Last year, Chancellor Rachel Reeves committed to guaranteeing paid work placements for young people who had been out of work or education for eighteen months or longer. On Monday, Prime Minister Sir Keir Starmer will announce a trial of an AI assistant designed for jobseekers—what the government is calling a jobcentre in your pocket. The tool will offer round-the-clock guidance on career development and job applications, attempting to democratize access to the kind of career coaching that has long been available mainly to those with resources.
What emerges is a picture of institutions scrambling to address a problem that has no single cause and therefore no single solution. M&S is betting that direct employment and clear progression will work. The government is betting that technology and training will work. Whether either approach moves the needle on a million young people locked out of the workforce remains to be seen.
Notable Quotes
We want more young people to see retail not just as a first job, but as a career with real opportunity, real responsibility and real progression.— Thinus Keeve, M&S retail director
A potential lost generation facing shrinking, not growing, job and career opportunities.— Alan Milburn, author of youth employment review
The Hearth Conversation Another angle on the story
Why does a retailer like M&S care about this problem enough to create a thousand positions?
Because entry-level jobs in retail have historically been the on-ramp for young people without connections or credentials. If those jobs disappear, the entire pipeline breaks. M&S is protecting its own future workforce while addressing a public problem.
The review mentions smartphones as a cause of youth unemployment. That seems odd.
It's not that phones cause unemployment directly. It's that they're part of a broader shift in how young people spend time, how they're diagnosed with mental health challenges, and how the economy itself has changed.
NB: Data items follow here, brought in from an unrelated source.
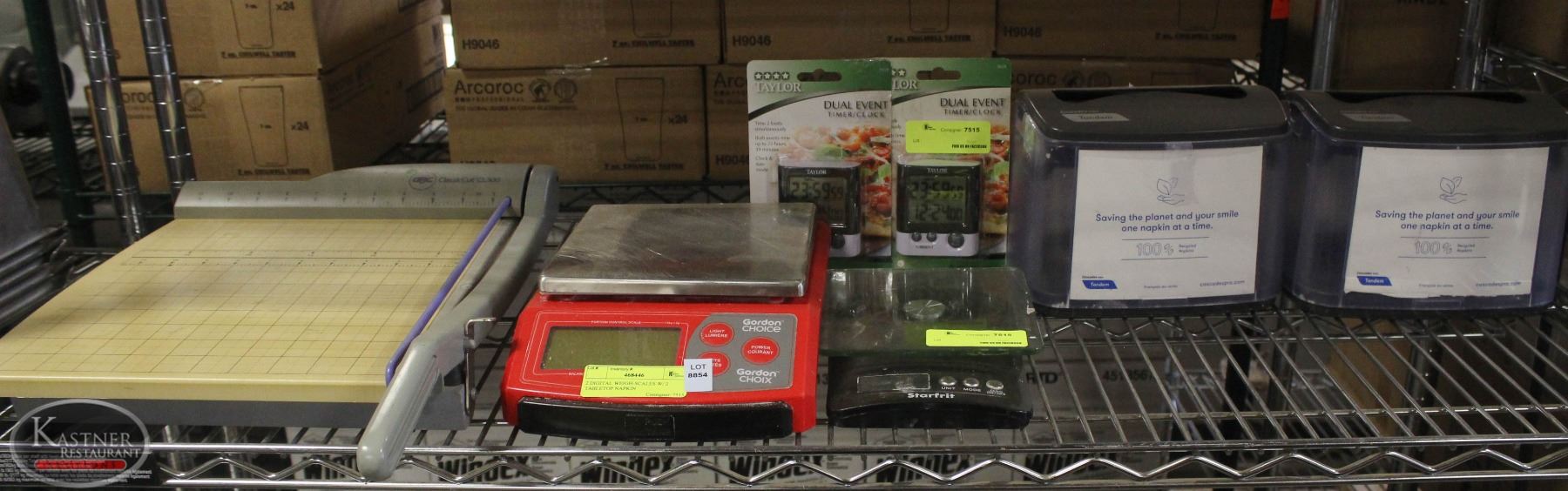 DISPENSERS SOLD W/ PAPER CUTTER. STRAFRIT 5KG/11LBS DIGITAL SCALE M#:93016 (3V LITH-ION BATTERY), GORDON CHOICE 15KG/33LBS DIGITAL SCALE M#: 601GFS (4 AA BATTERIES)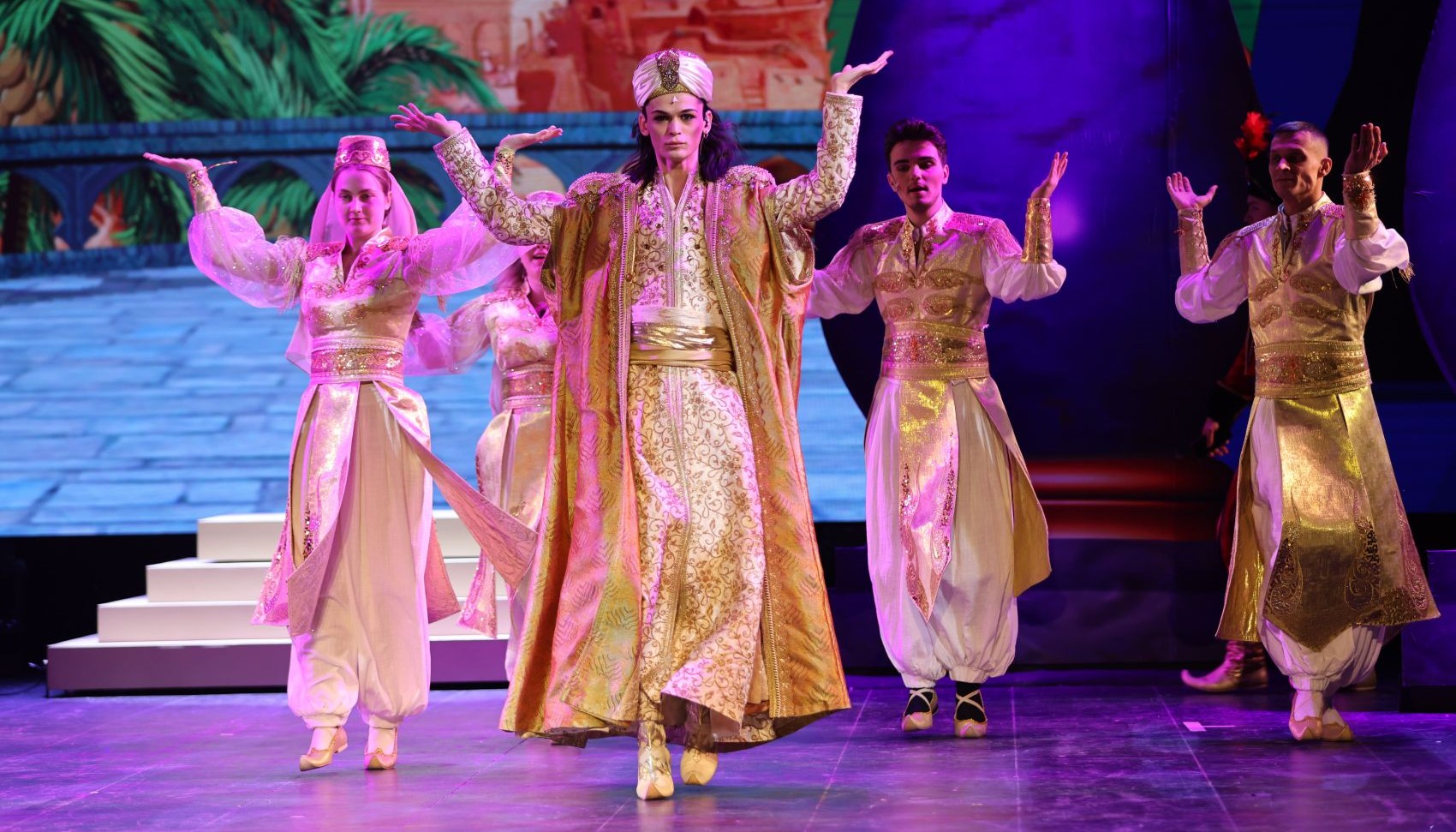 Креативная команда молодых постановщиков создали невероятные танцевальные номера, красочные костюмы, переносящие в далекие восточные страны, и яркую сценографию, погружающую в атмосферу любимой сказки.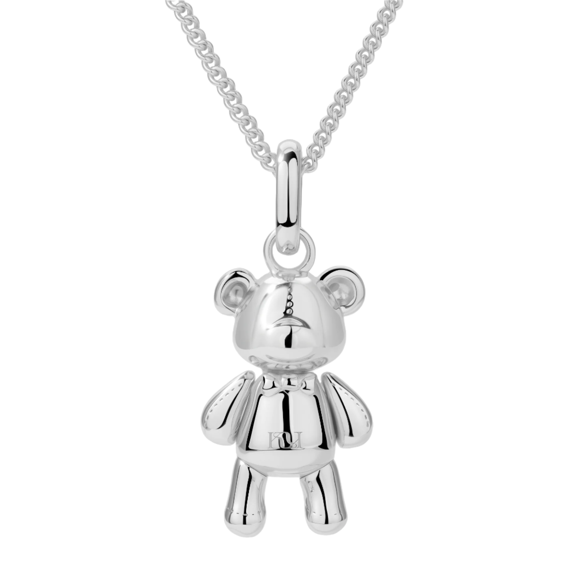 A timeless companion reimagined in sterling silver. The Teddy Silver Bear Necklace features a fully sculpted teddy bear pendant—softly rounded, detailed in form, and full of heart. With its gentle expression and nostalgic charm, this piece captures the warmth of childhood while making a thoughtful everyday statement.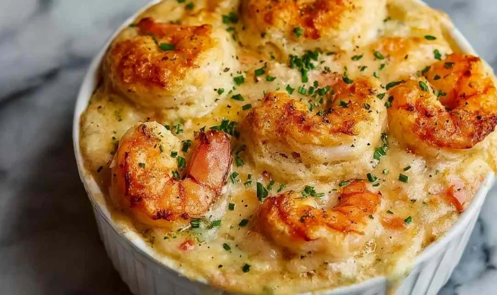 Garlic: Fresh garlic infuses the entire dish with aromatic warmth, complementing both the seafood filling and the savory biscuit topping.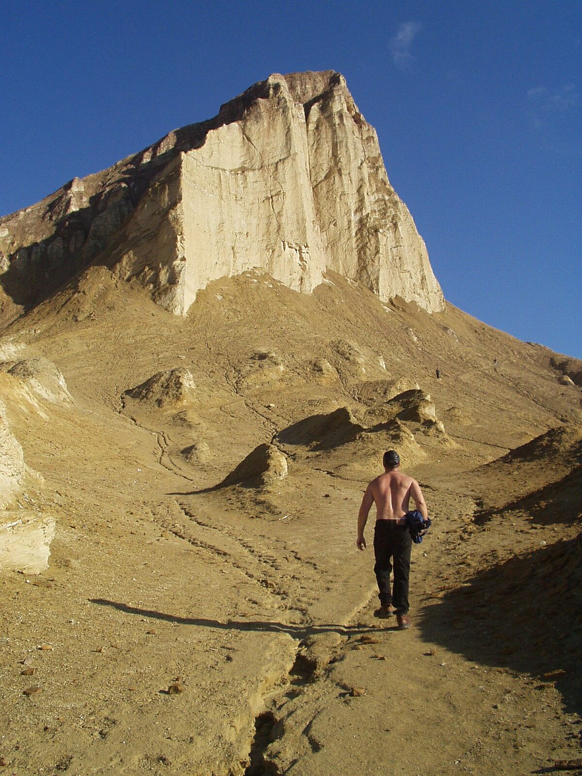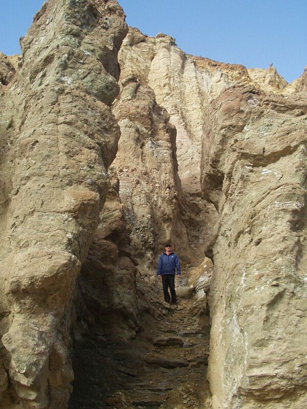 On the way down we meet the camera lady again. I urge her to step down from the dirt ridge she's on, which collapses and she falls to the ground, but is OK.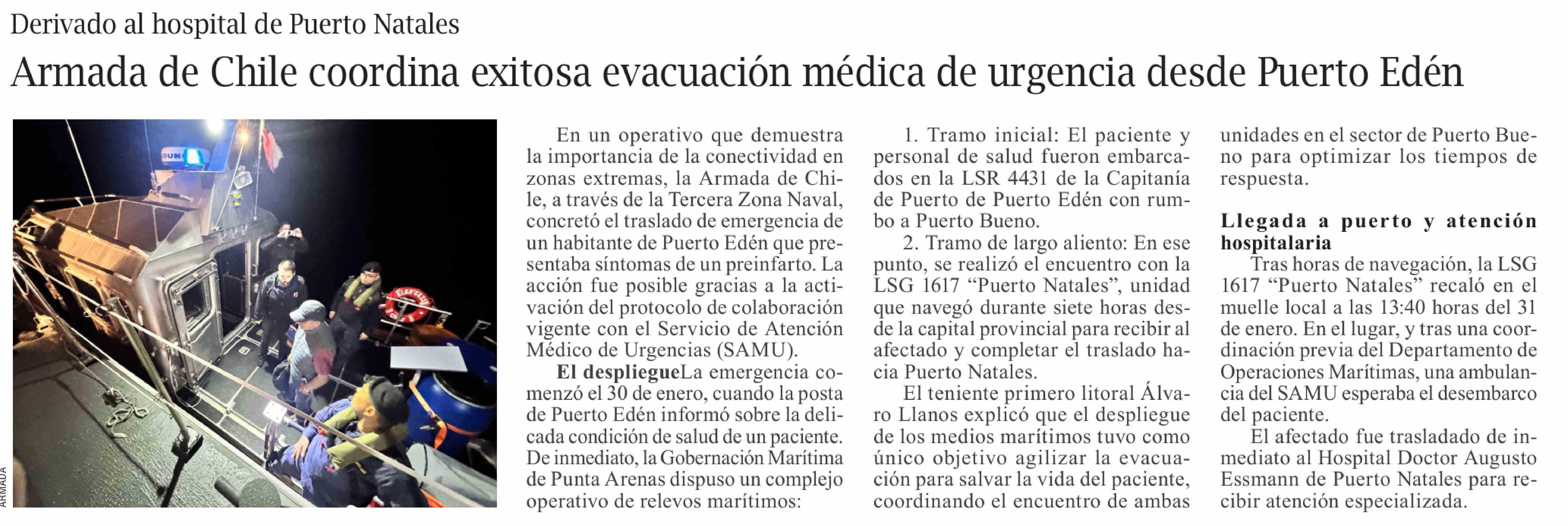 Armada de Chile coordina exitosa evacuación médica de urgencia desde Puerto Edén
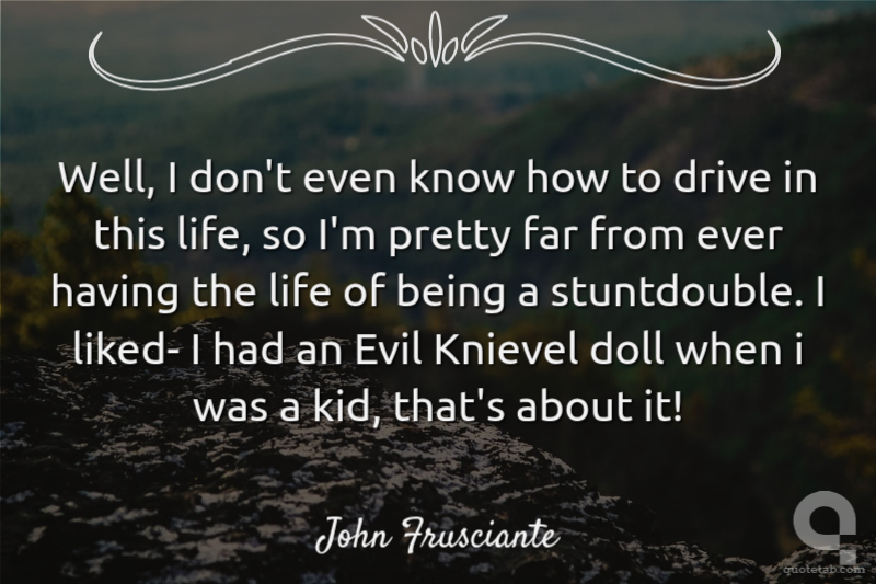 Well, I don't even know how to drive in this life, so I'm pretty far from ever having the life of being a stuntdouble. I liked- I had an Evil Knievel doll when i was a kid, that's about it!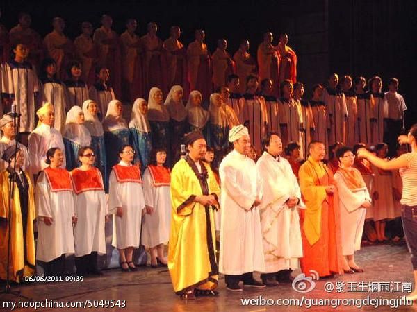 然而,这样的现象,在中国很少存在(少而已,并非没有),尤其到了二零一一年,淮安各大门派齐集大礼堂,唱出一首首激动人心的盛世欢歌。那份和谐,安全可以放到世界宗教史上作为各大宗教完全可以和谐相处的例证。前提是,有一个坚强组织做领导。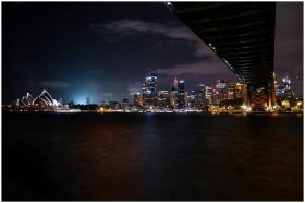 Scenic nighttime view of Sydney Opera House and city skyline under Harbour Bridge.

The phones are a symptom, not the disease.
What's the difference between M&S's traineeship and the government's AI jobcentre assistant?
One is a concrete job with a paycheck and progression. The other is guidance and information. Both are necessary, but they're solving different parts of the problem. You need both a door to walk through and someone telling you where the doors are.
Is a thousand positions actually significant if there are a million NEETs?
It's a start, but you're right to notice the scale mismatch. One company can't solve a systemic problem. What matters is whether this becomes a model other employers follow, or whether it stays isolated.
Why did the government focus on disadvantaged schools specifically for the AI training?
Because those students have the fewest other resources. A kid in a wealthy area has tutors, family connections, and access to information. A kid in a disadvantaged school might not. The government is trying to level that playing field.